Session hijacking measures

Sep 7, 2020 PHP web security


Recently, I’ve been studying security a lot, so I’d like to write an article about it so that I can teach you in an easy-to-understand manner. This time, I will explain about session hijacking.

#table of contents

  1. What is session hijacking?
  2. Session hijacking type
  3. Session hijacking measures
  4. Finally

#What is session hijacking? First of all, since the Web is made startless, it is not possible to judge that the person who came to this server earlier is Mr. A on an EC site or a site with a login function. To that end, a function called a session was devised. (Actually, a function such as cookie was created first, but the session was developed with security in mind.) Judgment is made by assigning this session ID to Mr. A and this session ID to Mr. B. doing.

If you want to actually see the session ID in PHP, you can check it by displaying it like this.

<? php

session_start ();
echo session_id (); // Session ID is displayed


Session hijacking means that a third party hijacks the information in this session and logs in to the site as the person.

#Session hijacking type There are three main types of session hijacking.

** Session Guess ** ** Session eavesdropping ** ** Session ID fixed attack **

First, session guessing means that a third party guesses the session ID and uses that session ID to access the site that the user was using.

Eavesdropping on a session is the interception and stealing of communications. It is also the use of cyber attacks such as XSS to direct users to sites created by third parties to steal session IDs. For example, if you press this URL on an SNS site, you will be directed to a URL created by a third party. The site is loaded with a vulnerability called XSS, and the session ID of the SNS site is stolen without your knowledge.

The session ID fixed attack is the opposite idea. When a third party tells the user to use this session ID and the user logs in to the site using that session ID, the third party uses that session ID to access the site. You will be able to do it. For example, if you send the SNS URL such as https://[email protected]?PHPSESSIONID=1111 to the user as a parameter of the SNS URL and the user opens the link of this URL, the session ID will be this value. I will. And then use this session ID, and so on.

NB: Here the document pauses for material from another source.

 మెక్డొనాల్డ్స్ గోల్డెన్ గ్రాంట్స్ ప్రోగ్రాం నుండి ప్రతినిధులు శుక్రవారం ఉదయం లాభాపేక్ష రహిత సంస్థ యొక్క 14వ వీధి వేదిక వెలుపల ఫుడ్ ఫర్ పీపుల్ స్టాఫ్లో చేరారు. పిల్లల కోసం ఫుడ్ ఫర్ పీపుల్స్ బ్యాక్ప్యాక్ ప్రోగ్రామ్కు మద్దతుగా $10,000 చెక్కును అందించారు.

#Session hijacking measures First, you may not include the session ID in the URL. When exchanging sessions, it is said that the session ID is stored in a cookie and exchanged, hidden is stored and exchanged, and the URL is stored and exchanged, but the first two can be used. If you store it in a URL and exchange it, there is a high possibility that it will be eavesdropped by a third party.

Second, you may not set the session ID to a value that can be guessed. It’s a good idea to use the session management implemented in web application development tools and frameworks.

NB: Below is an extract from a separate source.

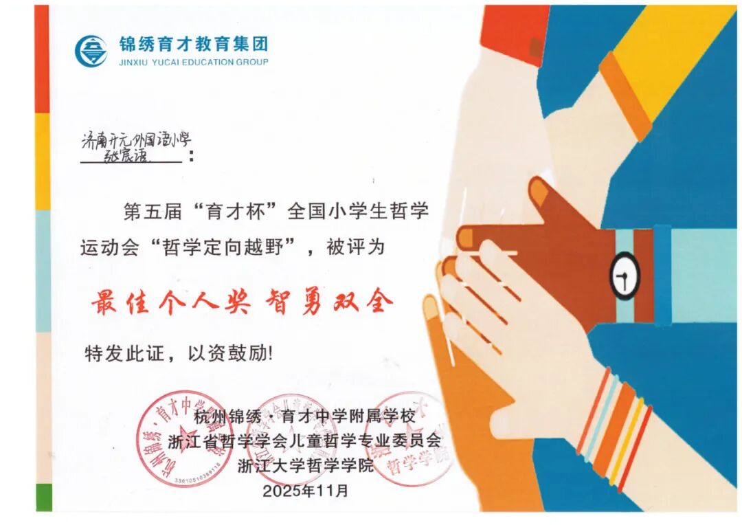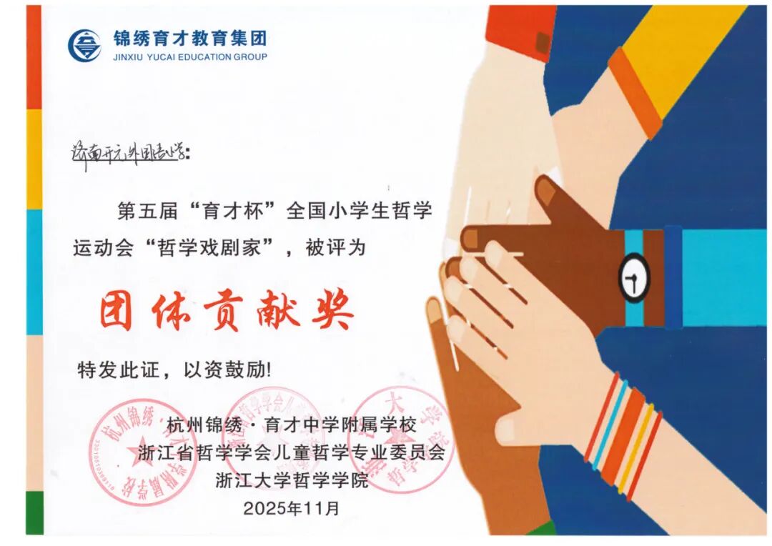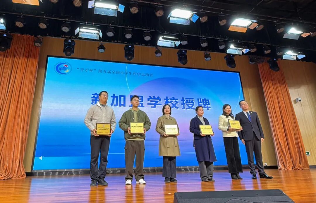 2025年11月20日,“育才杯”第五届全国小学生哲学运动会在杭州隆重举行。本届赛事专家云集,特邀来自浙江大学、杭州师范大学、厦门大学、山西大学等高校的十余位哲学与教育界知名学者组成权威评委团,吸引了来自两岸三地近50所优秀小学同场竞技。多家主流教育媒体及新媒体平台对赛事进行了广泛关注与报道,我校代表队的卓越表现更是成为焦点。

Finally, make sure you generate a new session ID when you log in. To do that in PHP, do the following:

session_start ();
echo session_id ();
session_regenerate_id; // Generate a new session ID
echo session_id (); // An ID different from the session ID above will be generated

#at the end Recently, the number of people who program often is increasing, and many people are creating sites, but at that time there is a possibility that there are many people who are too conscious of speed and postpone security, so I also care about security. However, let’s keep in mind to make a site.


Session Hijacking-Wikipedia What is session hijacking?